___ Materials provided

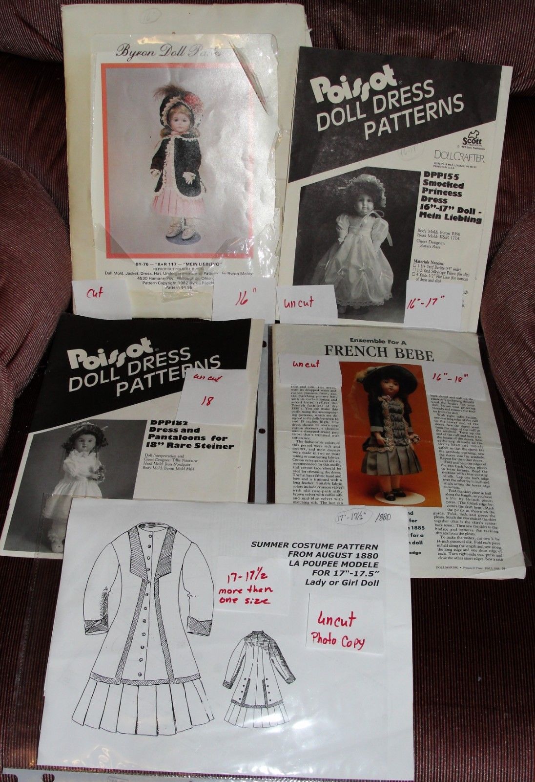 Lot of 5 Doll dress patterns;doll size 16"-18" ;antique,vint.,Ger. china dolls
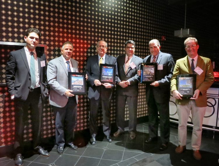 The LiRo Group has won five of ENR New York magazine’s 2018 Regional Best Projects Awards for the New York/New Jersey region for the Niagara Falls State Park rehabilitation, Irish Hunger Memorial renovation, Jacobs School of Medicine and Biomedical Sciences at the University at Buffalo, Phase II of Hunter’s Point South Infrastructure and Waterfront Park, and Medical & Research Translational (MART) building and Hospital Pavilion at The State University of New York at Stony Brook. The award for the Irish Hunger Memorial renovation was won jointly by LiRo and CTA Architects. Left to right: The LiRo Group Landscape Architect Jonathan Grubman, Senior Associate Vice President James Eckhoff, Associate Vice President Stephen Burke, Senior Project Manager Andrew Schuler, and Vice President Frank Franco, and CTA Architects Principal Daniel Allen.
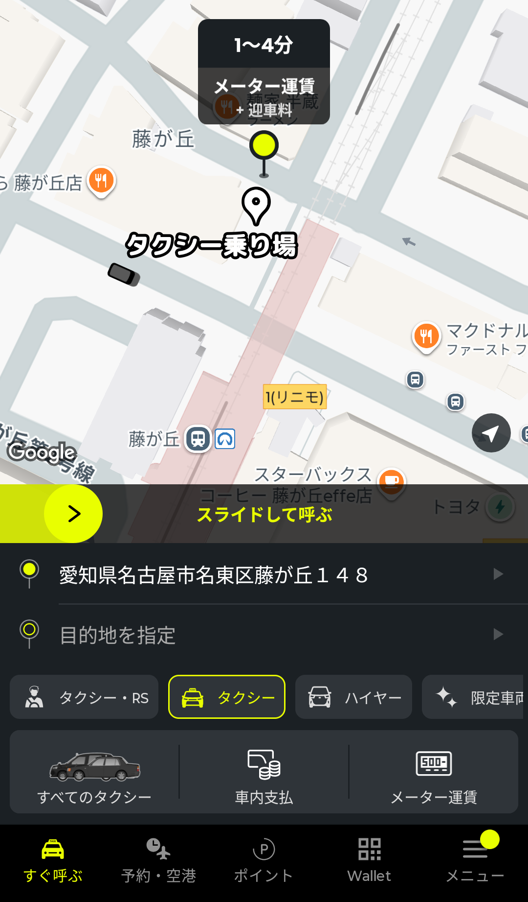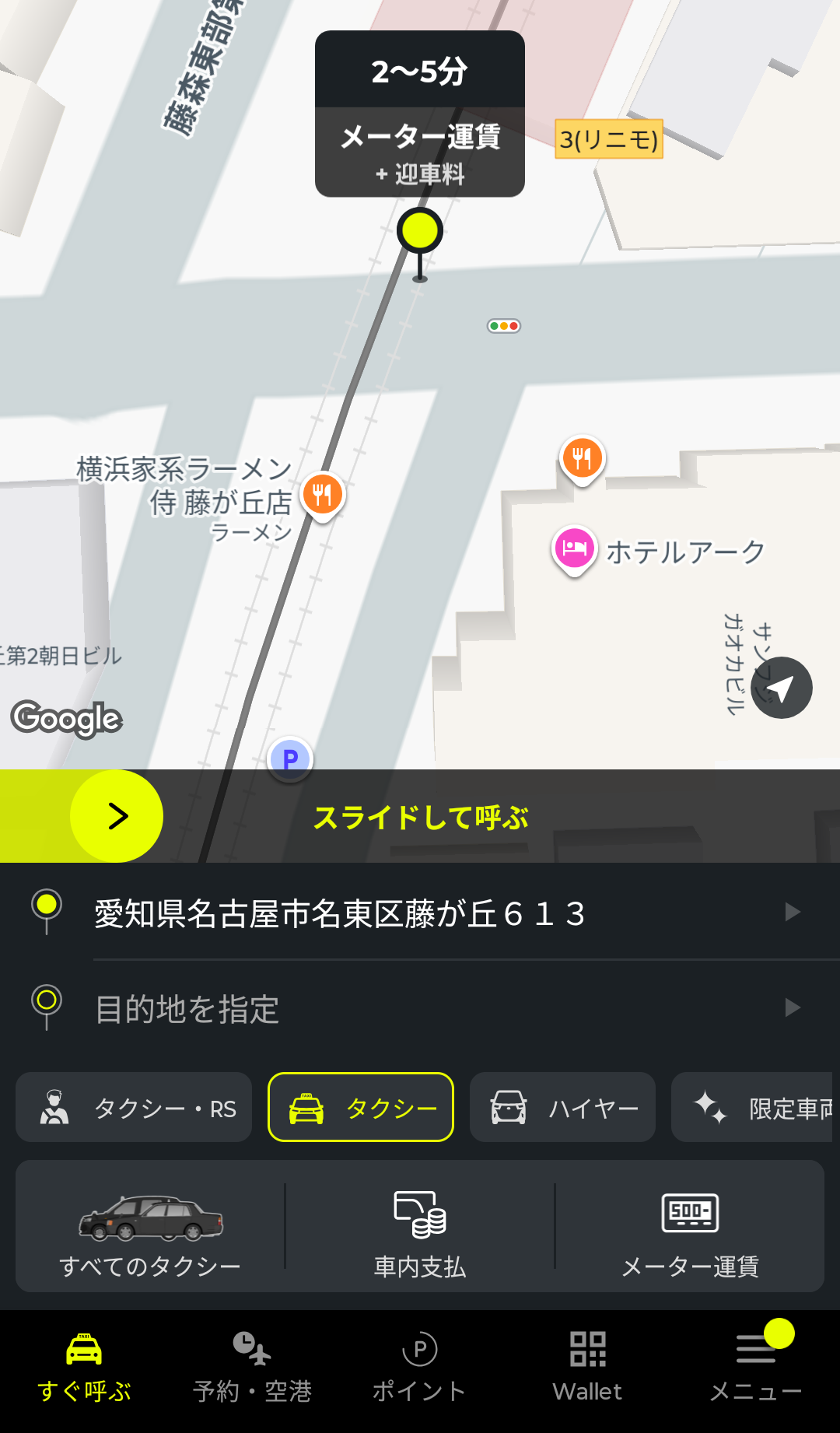 ちなみに、アプリで配車依頼をすると、迎車料金(目安:300〜500円)がかかります。
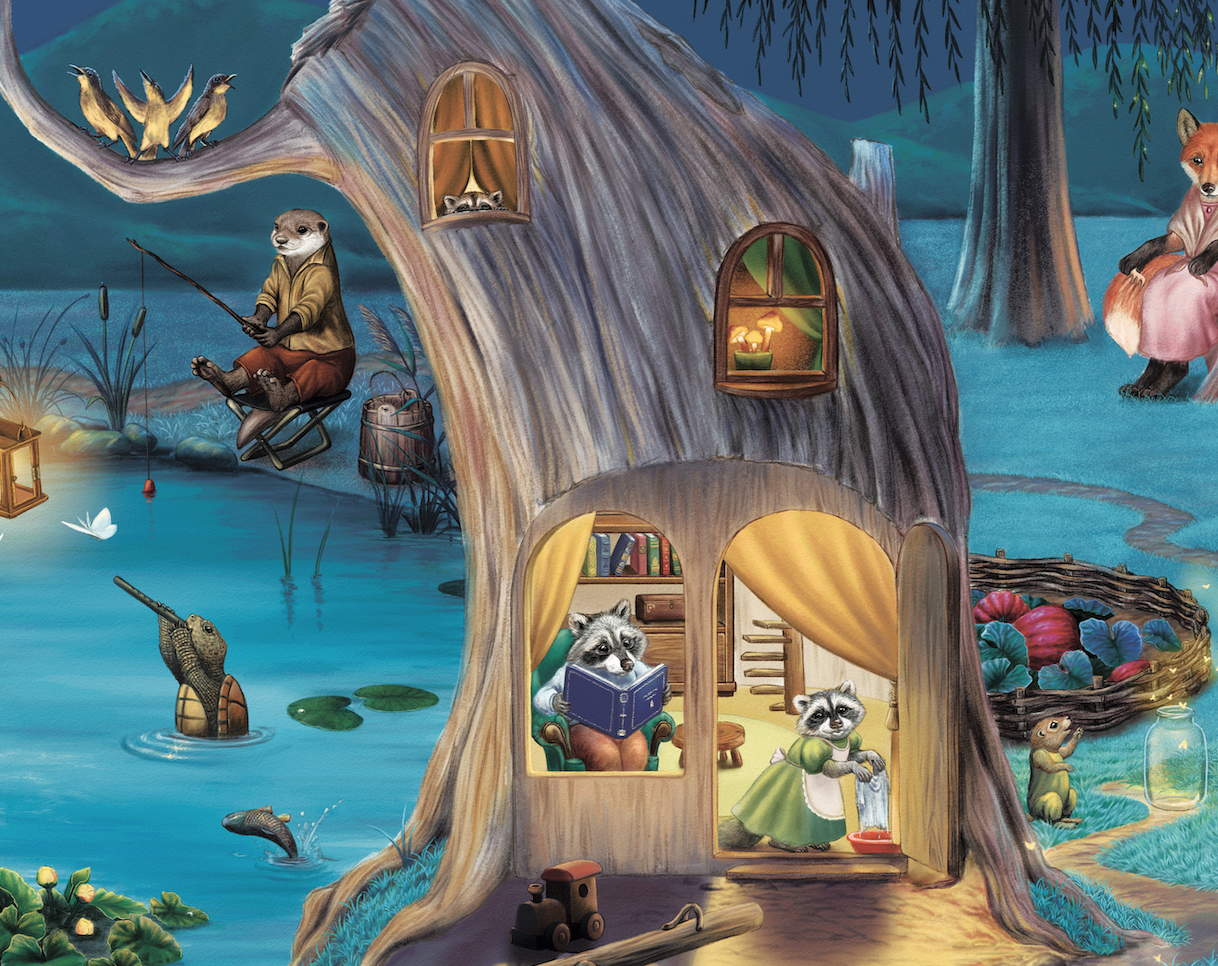 Это был прекрасный вечер, папа-Енот читал сыну книгу, мама-Енотиха наводила дома красоту. Но вот что-то их отвлекло, да настолько, что малыш со всей прыти побежал к себе в детскую на второй этаж, чтоб получше разглядеть, а что же происходит на Лугу?
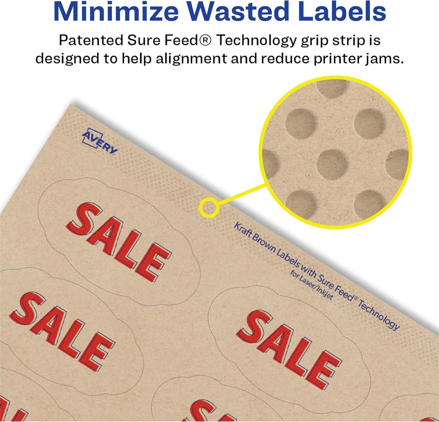 Avery Kraft Brown Scalloped Oval Labels with Sure Feed Technology, 1-1/8" x 2-1/4", Print to The Edge, Laser/Inkjet Printable Labels, 525 Total (22855)(One Size)
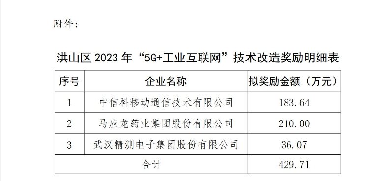【公示】關于洪山區(qū)2023年“5G+工業(yè)互聯(lián)網”試點示范項目獎勵的公示
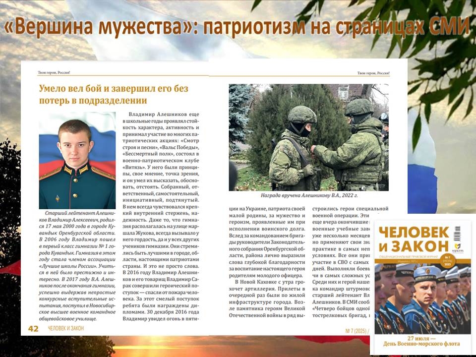 В рамках интернет-проекта «Вершина мужества» отдел периодических изданий подготовил подборку статей, которые познакомят читателей с информацией о подвигах наших солдат в СВО.
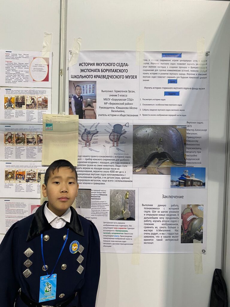 Эрсан Гермогенов, V кылаас, Боруулаах орто оскуолата, Үөһээ Дьааҥы: «Дорооболоруҥ! Мин үлэм аата «История якутского седла-экспоната Борулахского школьного краеведческого музея» диэн. Бу ыҥыыр Юмшанов Иннокентий Герасимович диэн Боруулаахха баар Николаевскай таҥара дьиэтин туттарбыт киһиэхэ анаан 1873 сыллаахха оҥоһуллубут, маастар Александр Мигалкин эбит. Бу ыҥыыр уратытынан кини киэргэлэ буолар. Саха сиригэр оҥоһуллубут эрээри хахай уонна единорог уруһуйдаах. Бу уруһуйдары нуучча геральдическэй уобарастарын кытта сибээстииллэр. Бу үлэбин салгыы үөрэтэр былааннаахпын, ону таһынан түмэлбитигэр эмиэ атын да ураты экспонаттар бааллар».
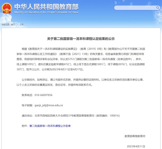(通讯员 罗进雄)4月11日,教育部公示了第二批国家级一流本科课程的认定结果,拟认定5751门课程为第二批国家级一流本科课程,嘟嘟成人网
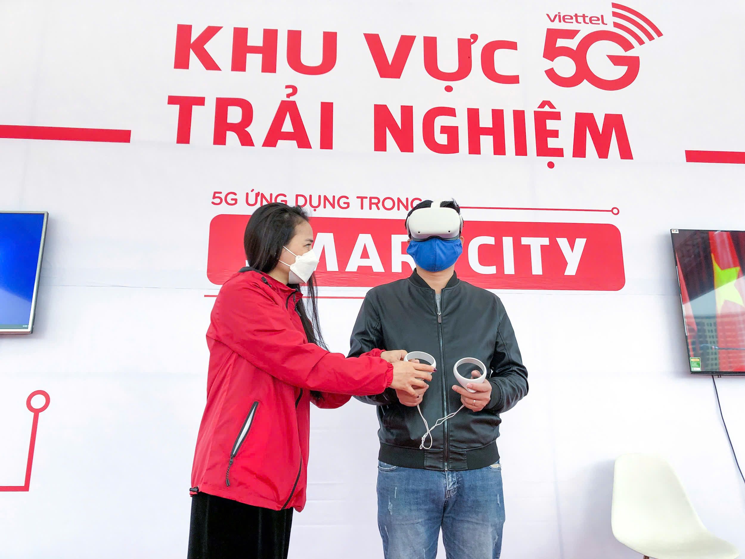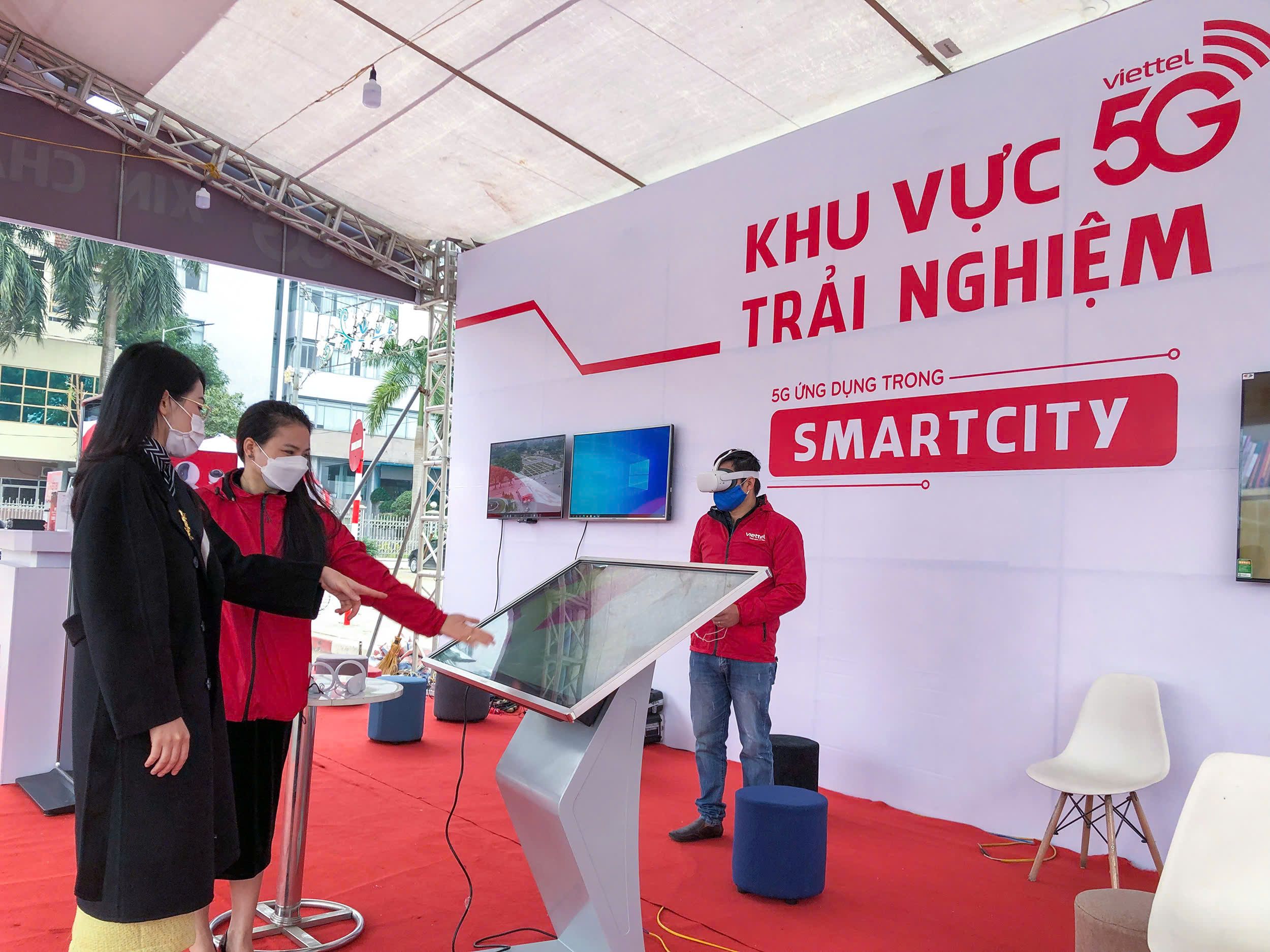 Người dân Thái Nguyên trải nghiệm 5G. Ảnh: THẾ BÌNH

______

What the exercise asks
Set the pictures aside and reproduce exactly the lines above, from the line holding "Это был прекрасный" through the line holding "В рамках интернет-проекта", both included, with nothing else.

The completed task
 Это был прекрасный вечер, папа-Енот читал сыну книгу, мама-Енотиха наводила дома красоту. Но вот что-то их отвлекло, да настолько, что малыш со всей прыти побежал к себе в детскую на второй этаж, чтоб получше разглядеть, а что же происходит на Лугу?
 Avery Kraft Brown Scalloped Oval Labels with Sure Feed Technology, 1-1/8" x 2-1/4", Print to The Edge, Laser/Inkjet Printable Labels, 525 Total (22855)(One Size)
【公示】關于洪山區(qū)2023年“5G+工業(yè)互聯(lián)網”試點示范項目獎勵的公示
 В рамках интернет-проекта «Вершина мужества» отдел периодических изданий подготовил подборку статей, которые познакомят читателей с информацией о подвигах наших солдат в СВО.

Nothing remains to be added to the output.